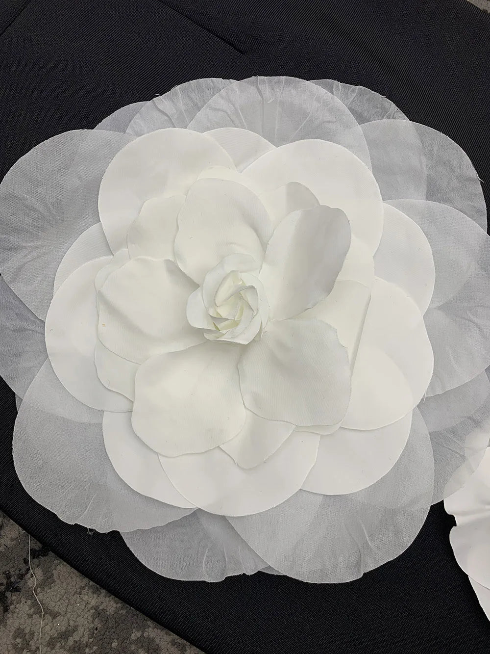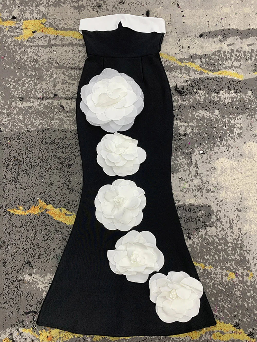 Bandage skirt strapless black and white patchwork large floral long skirt
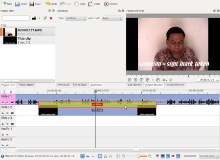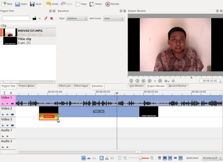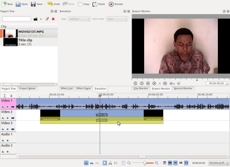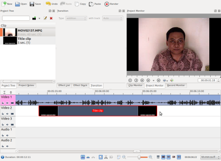 Ini bukan membuat Title Clip lho ya, kalau Title Clip kan harus ada di frame tersendiri. Jadi ini mau membuat semacam subtitle pada video begitu. Caranya cukup mudah sebenarnya. Pertama, buat dulu Title Clip dengan cara Project > Add Title Clip.
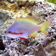 | 種類詳細 | 非常に綺麗な体色をしたハナダイの仲間です。 性転換する魚で、オスになると名前の由来である赤帯がくっきりと目立ち非常に綺麗なハナダイです。 幼魚期も薄いオレンジ色の体に、ほんのりピンク色のヒレが可愛らしい魚です。 他のハナダイに比べて、色落ちも少なくオススメです。 |
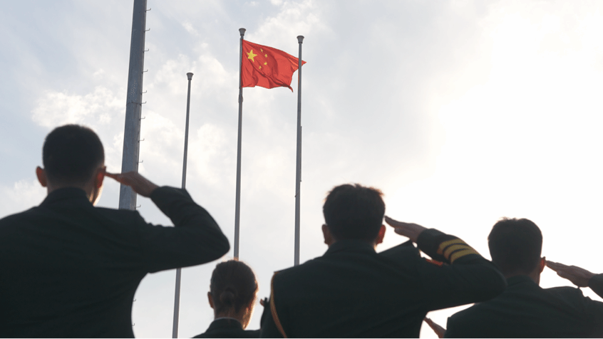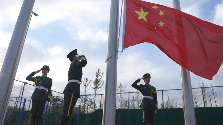 早上七点,升旗仪式正式开始,由2024级会计专硕退役大学生士兵计划学生侯嘉艺、王振钇、王海宁担任升旗手。随着国歌的奏响,鲜艳的五星红旗冉冉升起,全场师生向国旗行注目礼,齐声高唱国歌。
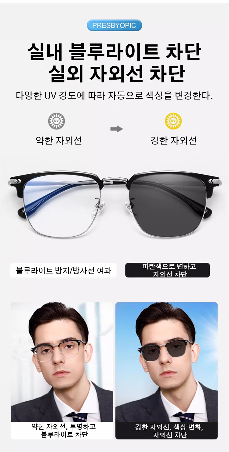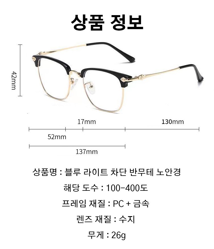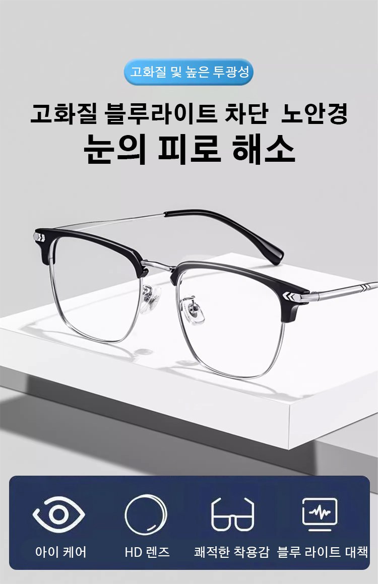 블루 라이트 차단 반무테 노안경

· · · · ·

*Work required*: Give the listing again exactly, excluding pictures.

*Solution to this exercise*:
 Bandage skirt strapless black and white patchwork large floral long skirt
 Ini bukan membuat Title Clip lho ya, kalau Title Clip kan harus ada di frame tersendiri. Jadi ini mau membuat semacam subtitle pada video begitu. Caranya cukup mudah sebenarnya. Pertama, buat dulu Title Clip dengan cara Project > Add Title Clip.
 | 種類詳細 | 非常に綺麗な体色をしたハナダイの仲間です。 性転換する魚で、オスになると名前の由来である赤帯がくっきりと目立ち非常に綺麗なハナダイです。 幼魚期も薄いオレンジ色の体に、ほんのりピンク色のヒレが可愛らしい魚です。 他のハナダイに比べて、色落ちも少なくオススメです。 |
 早上七点,升旗仪式正式开始,由2024级会计专硕退役大学生士兵计划学生侯嘉艺、王振钇、王海宁担任升旗手。随着国歌的奏响,鲜艳的五星红旗冉冉升起,全场师生向国旗行注目礼,齐声高唱国歌。
 블루 라이트 차단 반무테 노안경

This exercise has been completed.